Burundi: Nemba Anaerobic - Kayanza - Red Bourbon
In the cup: Complex and layered, tones of stone fruit, vanilla and mango yoghurt and a sherbet like effervescence, undertones of jasmine and citrus fruits.
Cupping Score: 88
Mouthfeel: Round, layered.
Variety: Red Bourbon
Process: Anaerobic fermentation with Cima yeast
Producer: Local Smallholders / Nemba Washing Station
Altitude: 1700 - 1800 meters above sea level
There are 3,113 smallholders living around Kayanza, Burundi who deliver their cherry to Nemba Washing Station
Nemba station lies in the northern province of Kayanza. Each washing station is managed and led by an agronomist. This agronomist oversees the implementation of good agricultural practice and farmer education. They collaborate with the producers to ensure they have access to the necessary farming tools. The agronomist also helps farmers determine and implement the practices best suited to the specific growing conditions of their farming plots.
Nemba uses a monitoring system to ensure traceability all along the production and processing chain. All 3,000+ producers are smallholders who own an average of 150 coffee trees. The farms delivering cherry to Nemba are all located around 1,700+ meters above sea level, near the Kibila forest. The washing station has over two hundred drying tables and can process up to 750 metric tons of coffee cherry annually.
Nemba also participates in a number of farmer outreach and support projects including a goat and pig project, Farmer Hub, strengthening cooperatives and distributing fertilizer and coffee trees.
Many trees in Burundi are Red Bourbon. Because of the increasingly small size of coffee plantings, aging rootstock is a very big issue in Burundi. Many farmers have trees that are over 50 years old, but with small plots to farm, it is difficult to justify taking trees entirely out of production for the 3-4 years it will take new plantings to begin to yield. In order to encourage farmers to renovate their plantings, Bugestal purchases seeds from the Institut des Sciences Agronomiques du Burundi (ISABU), establishes nurseries and sells the seedlings to farmers at or below cost. At the washing station, farmers can also get organic fertilizer derived from composted coffee pulp.
Despite the ubiquity of coffee growing in Burundi, each smallholder producers a relatively small harvest. The average smallholder has approximately 250 trees, normally in their backyards. Each tree yields an average of 1.5 kilos of cherry so the average producer sells about 200-300 kilos of cherry annually.
Anaerobic fermentation is a processing method where the coffee is processed in a fully sealed and oxygen deprived fermentation tank.
After selective handpicking of fully ripe cherries, they are checked in water basins to sort out underripe floaters. Coffees enter the anaerobic process in depulped cherries (honey). The beans are placed in air-sealed barrels or stainless steel tanks that need to be in a cooler environment (wind or even fridges), as the fermentation process creates heat.

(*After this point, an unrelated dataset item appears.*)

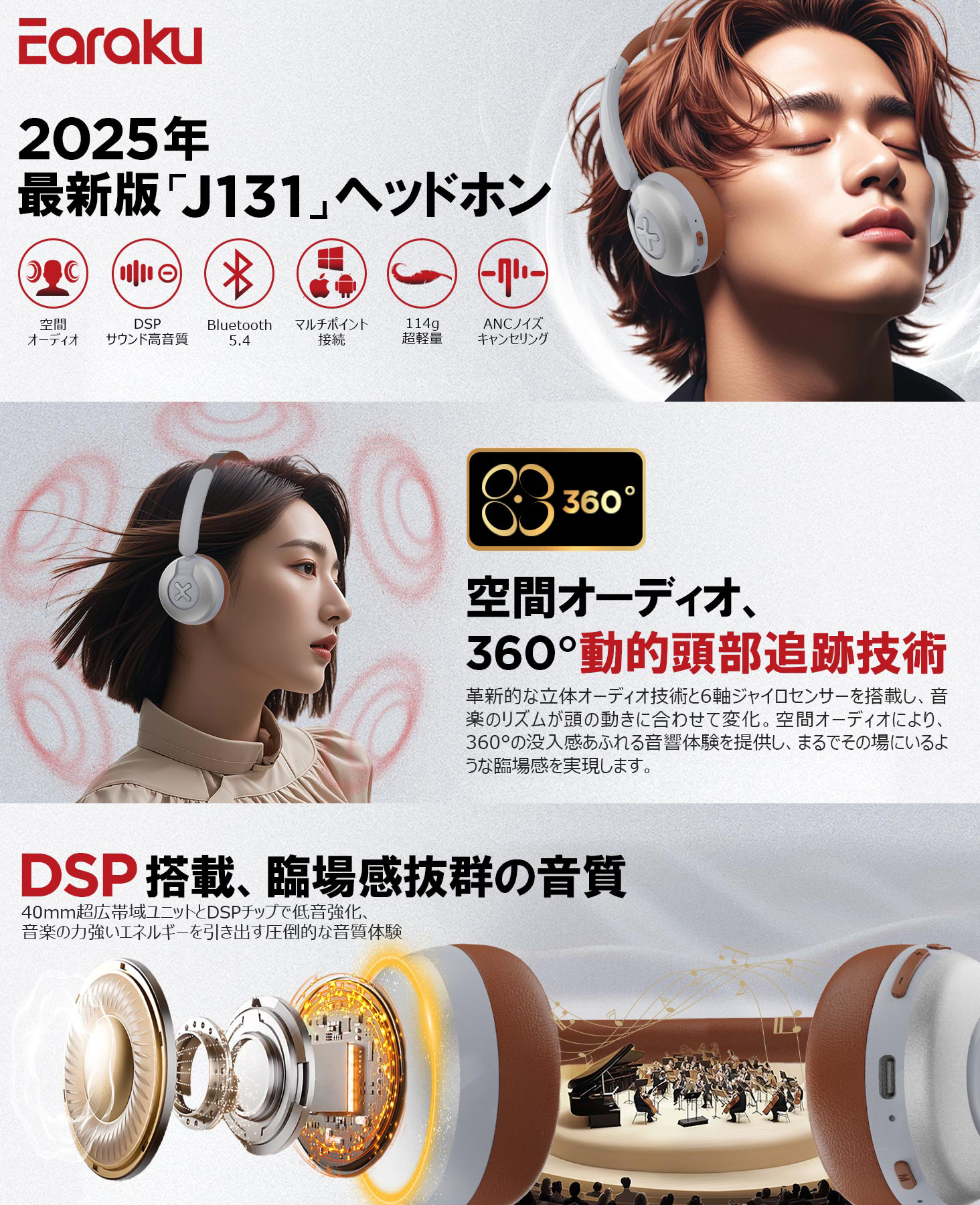 商品名:【2025年限界突破の空間オーディオ・ANCノイズキャンセリング】 ファッション ワイヤレス ヘッドホン 軽量 ワイヤレス ヘッドホンEaraku 軽量 ワイヤレスイヤホン 音漏れ無し ヘッドホン Bluetooth V5.4/マルチポイント接続 オーバーイヤーヘッドホン

After around 18-24 hours, the anaerobic process has started causing a breakdown in the mucilage and a buildup of CO2 pressure in the tank. This pressure forces the flavours of the juicy mucilage into the coffee parchment. Pressure is released through one-way valves at the top of the barrel - or oftentimes released through pipes that surpass water basins. The anaerobic fermentation has many levels and can take up to 120 hours, sometimes even 240 hours.
The types of microbes able to survive and participate in fermentation is limited by the lack of oxygen. The result is a very expressive flavour profile that oftentimes has notes of cinnamon, bubble gum or poached pear.
Once carefully removed from the tank, the coffee is dried to ensure a halting of the fermentation stage. This experimental process yields unexpected and complex flavours, while also giving the producer great control over the sugars, temperature, pressure, pH and length of the ferment.